Could you transcribe all of the data exactly and skip any pictures?

- INFORMATION SUPPLIED:
-----

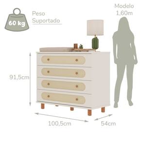 A linha Carolina Baby Essence une design atemporal, segurança e funcionalidade em móveis pensados para os primeiros momentos. No Conjunto Aurora Clássico (Berço 3 em 1 Cômoda), a estética natural aparece em linhas retas, proporções equilibradas e acabamentos premium em madeira maciça e MDF, com pintura atóxica. O berço é certificado pelo INMETRO, acompanha mini berço com mini colchão incluso e evolui para berço e mini cama, com 4 níveis de altura do estrado e rodízios de silicone (um par com travas). Colchão do berço (130x70) não incluso. A cômoda completa o conjunto com corrediças telescópicas de aço, divisórias internas em MDF 12cm e kit anti-tombamento, garantindo organização e estabilidade. Disponível em Branco Soft/Marrom, Branco Soft/Jequitibá e Areia/Jequitibá. Acabamento da Gaveta: Pintura UV Acompanha Cama Auxiliar: Não Acompanha Colchão: Não Acompanha Manual de Instalação: Sim Acompanha Suporte para Mosquiteiro: Não Altura do Conjunto: 92 cm Ambiente Principal: Quarto de Bebê Certificado: Berço: Inmetro 012552/2025, Mini berço: Inmetro 012554/2025 Certificado INMETRO (código): Berço: Inmetro 012552/2025, Mini berço: Inmetro 012554/2025 codigo_ean: 7900288321497 Complexidade da Montagem: Alta: deve ser montado por um montador especializado Cor: Areia/Jequitibá Cor do Produto: Areia/Jequitibá Cor Interna: Branco Escala de Brilho: Fosco Escala de Brilho da Gaveta: Fosco Estampado: Não Estrado com Regulagem de Altura: Sim Estrado Regulável em Quantas Posições: 04 Largura do Conjunto: 235,5 cm Linha ou Coleção: Aurora Manual de Montagem e Instalação: https://product-hub-prd.madeiramadeira.com.br/996619555/documents/ada73e81-0ade-4134-9e2e-a5cb9c43b4c53372174671617697050659854.pdf Marca: Carolina Baby Material da Gaveta: MDF Material do Estrado: MDF Material do Fundo: MDF Material do Puxador da Gaveta: Madeira Maciça Material Principal: MDF Medida de Cada Item: Berço: 76cm x 135cm x 92cm, Cômoda: 100,5cm x 54cm x 91,5cm modular: Não Necessita Montagem: Sim Origem do Produto: Nacional Permite a Utilização de Cama Auxiliar: Não Peso: Berço: 51kg, Cômoda: 79kg Peso de Cada Item: Berço: 51 kg, Cômoda: 79 kg Pintura Atóxica: Sim Possui Capitonê: Não Possui Certificado: Sim Possui Espelhos: Não Possui Gavetas: Sim Possui Grade: Sim Possui Portas: Não Possui Prateleiras: Não Possui Rodízio: Sim Possui Trocador: Não Profundidade do Conjunto: 76 cm Quantidade de Gavetas: 04 Recomendações de Uso, Manutenção e Limpeza: Limpar com pano seco Sistema de Montagem: Parafusos, Cavilhas e Minifix Tamanho do Colchão Indicado (L x C): 70 x 130cm Tipo de Corrediça da Gaveta: Metálica Telescópica Tipo de Estrado: Removível Tipo de Grade: Fixa Tipo de Puxador da Gaveta: Externo
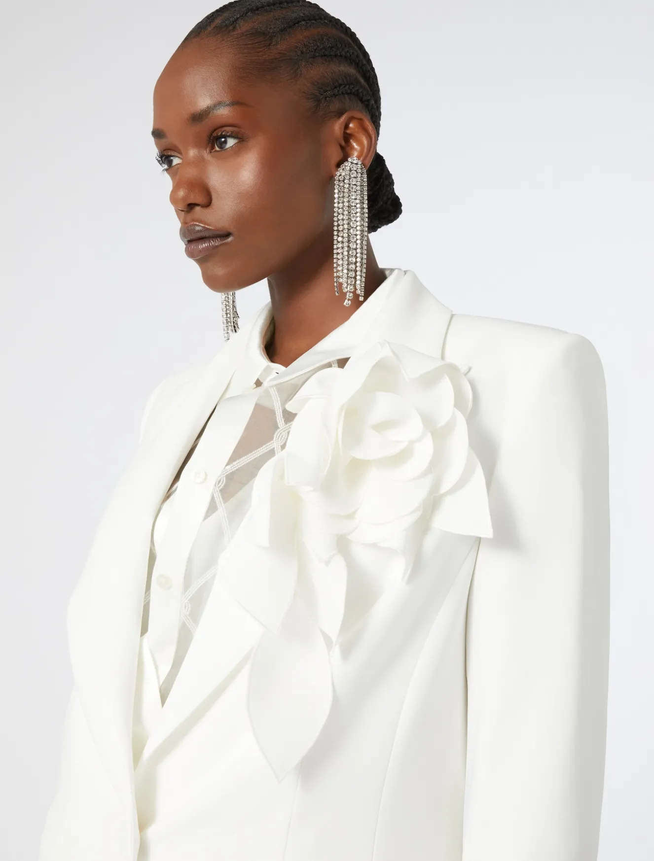 Blumenbrosche aus Triacetat, die ins Auge sticht. Verleihen Sie dem Style einen romantischen, floralen Touch.
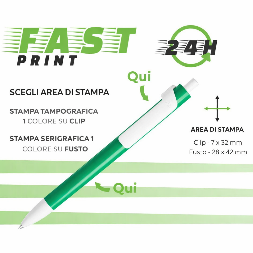 Con il servizio FAST PRINT puoi ordinare fino a 1000 penne entro le 10:00 per spedizione il giorno successivo ( + giorni di consegna), garantendo consegne rapide per le tue attività promozionali urgenti.
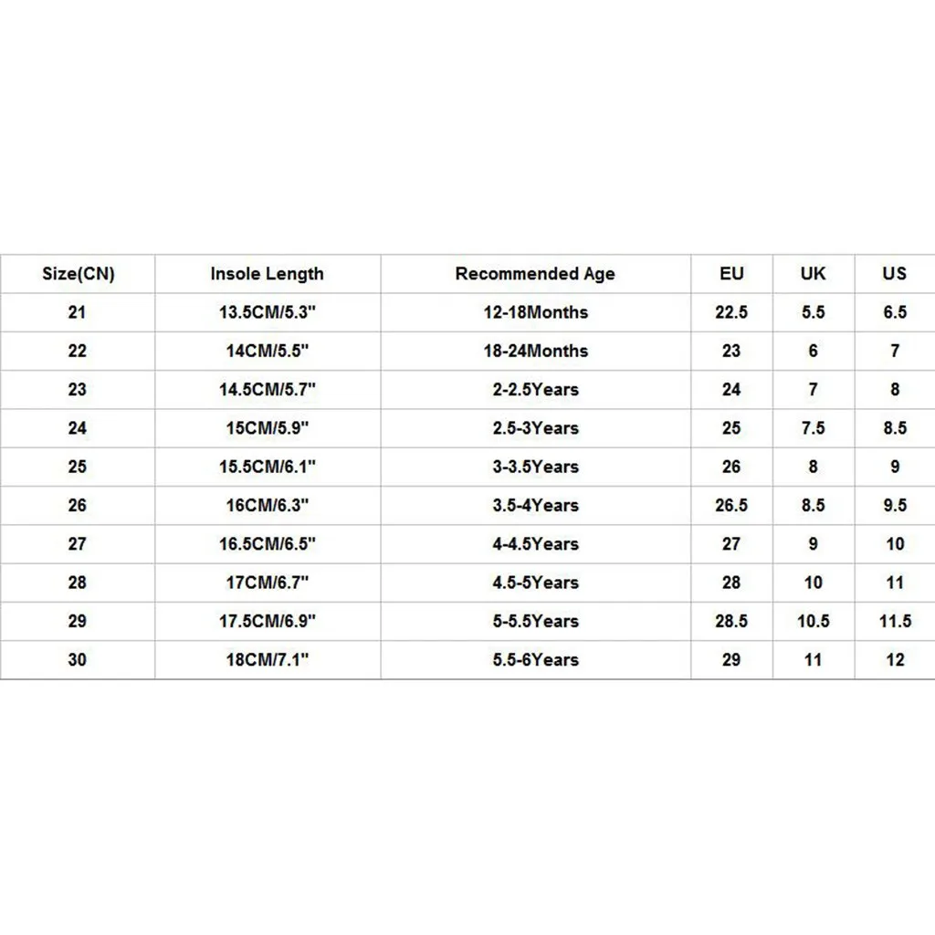 | Размер (CN): 21 | Длина стельки: 13,5 см/5,3" | Рекомендуемый возраст: 12-18Months | ЕС: 22,5 | Великобритания: 5,5 | США: 6,5 |

-----

- SOLUTION TO THIS TASK:
 A linha Carolina Baby Essence une design atemporal, segurança e funcionalidade em móveis pensados para os primeiros momentos. No Conjunto Aurora Clássico (Berço 3 em 1 Cômoda), a estética natural aparece em linhas retas, proporções equilibradas e acabamentos premium em madeira maciça e MDF, com pintura atóxica. O berço é certificado pelo INMETRO, acompanha mini berço com mini colchão incluso e evolui para berço e mini cama, com 4 níveis de altura do estrado e rodízios de silicone (um par com travas). Colchão do berço (130x70) não incluso. A cômoda completa o conjunto com corrediças telescópicas de aço, divisórias internas em MDF 12cm e kit anti-tombamento, garantindo organização e estabilidade. Disponível em Branco Soft/Marrom, Branco Soft/Jequitibá e Areia/Jequitibá. Acabamento da Gaveta: Pintura UV Acompanha Cama Auxiliar: Não Acompanha Colchão: Não Acompanha Manual de Instalação: Sim Acompanha Suporte para Mosquiteiro: Não Altura do Conjunto: 92 cm Ambiente Principal: Quarto de Bebê Certificado: Berço: Inmetro 012552/2025, Mini berço: Inmetro 012554/2025 Certificado INMETRO (código): Berço: Inmetro 012552/2025, Mini berço: Inmetro 012554/2025 codigo_ean: 7900288321497 Complexidade da Montagem: Alta: deve ser montado por um montador especializado Cor: Areia/Jequitibá Cor do Produto: Areia/Jequitibá Cor Interna: Branco Escala de Brilho: Fosco Escala de Brilho da Gaveta: Fosco Estampado: Não Estrado com Regulagem de Altura: Sim Estrado Regulável em Quantas Posições: 04 Largura do Conjunto: 235,5 cm Linha ou Coleção: Aurora Manual de Montagem e Instalação: https://product-hub-prd.madeiramadeira.com.br/996619555/documents/ada73e81-0ade-4134-9e2e-a5cb9c43b4c53372174671617697050659854.pdf Marca: Carolina Baby Material da Gaveta: MDF Material do Estrado: MDF Material do Fundo: MDF Material do Puxador da Gaveta: Madeira Maciça Material Principal: MDF Medida de Cada Item: Berço: 76cm x 135cm x 92cm, Cômoda: 100,5cm x 54cm x 91,5cm modular: Não Necessita Montagem: Sim Origem do Produto: Nacional Permite a Utilização de Cama Auxiliar: Não Peso: Berço: 51kg, Cômoda: 79kg Peso de Cada Item: Berço: 51 kg, Cômoda: 79 kg Pintura Atóxica: Sim Possui Capitonê: Não Possui Certificado: Sim Possui Espelhos: Não Possui Gavetas: Sim Possui Grade: Sim Possui Portas: Não Possui Prateleiras: Não Possui Rodízio: Sim Possui Trocador: Não Profundidade do Conjunto: 76 cm Quantidade de Gavetas: 04 Recomendações de Uso, Manutenção e Limpeza: Limpar com pano seco Sistema de Montagem: Parafusos, Cavilhas e Minifix Tamanho do Colchão Indicado (L x C): 70 x 130cm Tipo de Corrediça da Gaveta: Metálica Telescópica Tipo de Estrado: Removível Tipo de Grade: Fixa Tipo de Puxador da Gaveta: Externo
 Blumenbrosche aus Triacetat, die ins Auge sticht. Verleihen Sie dem Style einen romantischen, floralen Touch.
 Con il servizio FAST PRINT puoi ordinare fino a 1000 penne entro le 10:00 per spedizione il giorno successivo ( + giorni di consegna), garantendo consegne rapide per le tue attività promozionali urgenti.
 | Размер (CN): 21 | Длина стельки: 13,5 см/5,3" | Рекомендуемый возраст: 12-18Months | ЕС: 22,5 | Великобритания: 5,5 | США: 6,5 |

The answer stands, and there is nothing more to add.